| Dataset extract |
»»

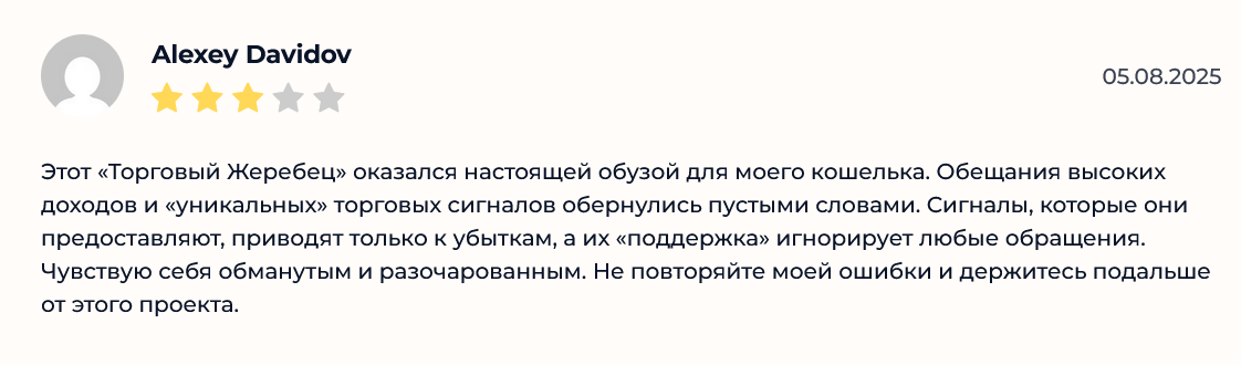 Мы не рекомендуем сотрудничать с анализируемым «экспертом» и автором группы в ВК «Торговый Жеребец», так как много подозрительных нюансов обнаружено при написании обзора.
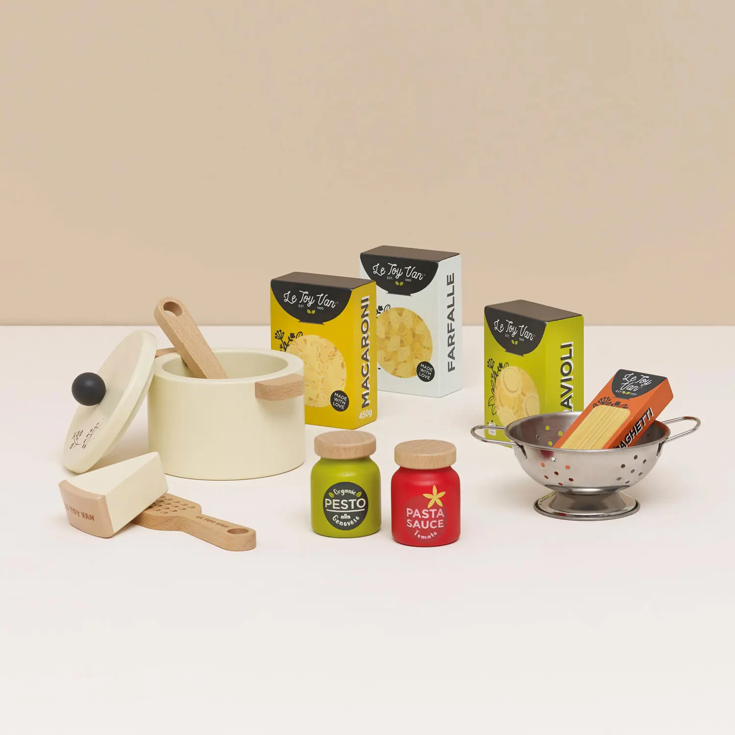 Dieses Set enthält die wichtigsten Utensilien, um das perfekte italienische Gericht zu kochen, darunter ein Kochtopf, ein Metallsieb, eine Käsereibe und ein Holzlöffel - für köstliche Pasta-Kreationen!
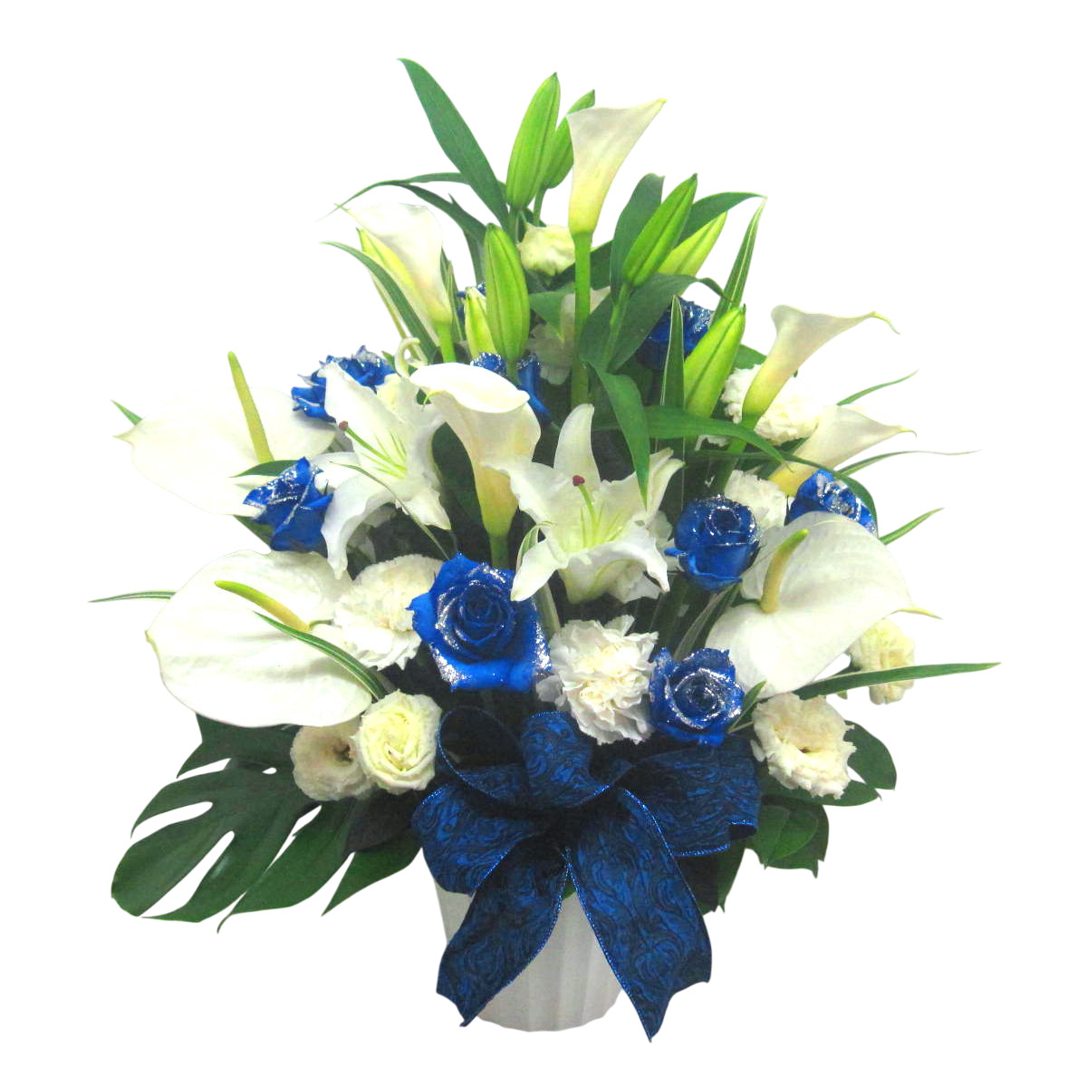 当店オリジナル染色の青いバラにキラキララメを付けたボリューム感のあるアレンジメントです。白&ブルー系の個性的で明るい色合いが大切な日をきっと彩ってくれますよ。また、ご利用されたお客様から「大変花持ちが良い」と好評をいただいております。静岡県長泉町から日本全国【真心】込めてお届けいたします。さまざまなシーンの贈り物としてオススメです。大切な方へ贈るフラワーギフトやプレゼントなら「花樹園オンラインドットコム」に是非、お任せ下さいませ。

««

| Exercise requirements |
The required output is an exact copy of the lines from the one with "Dieses Set enthält" through the final line of the data above, with pictures removed.

| Written solution |
 Dieses Set enthält die wichtigsten Utensilien, um das perfekte italienische Gericht zu kochen, darunter ein Kochtopf, ein Metallsieb, eine Käsereibe und ein Holzlöffel - für köstliche Pasta-Kreationen!
 当店オリジナル染色の青いバラにキラキララメを付けたボリューム感のあるアレンジメントです。白&ブルー系の個性的で明るい色合いが大切な日をきっと彩ってくれますよ。また、ご利用されたお客様から「大変花持ちが良い」と好評をいただいております。静岡県長泉町から日本全国【真心】込めてお届けいたします。さまざまなシーンの贈り物としてオススメです。大切な方へ贈るフラワーギフトやプレゼントなら「花樹園オンラインドットコム」に是非、お任せ下さいませ。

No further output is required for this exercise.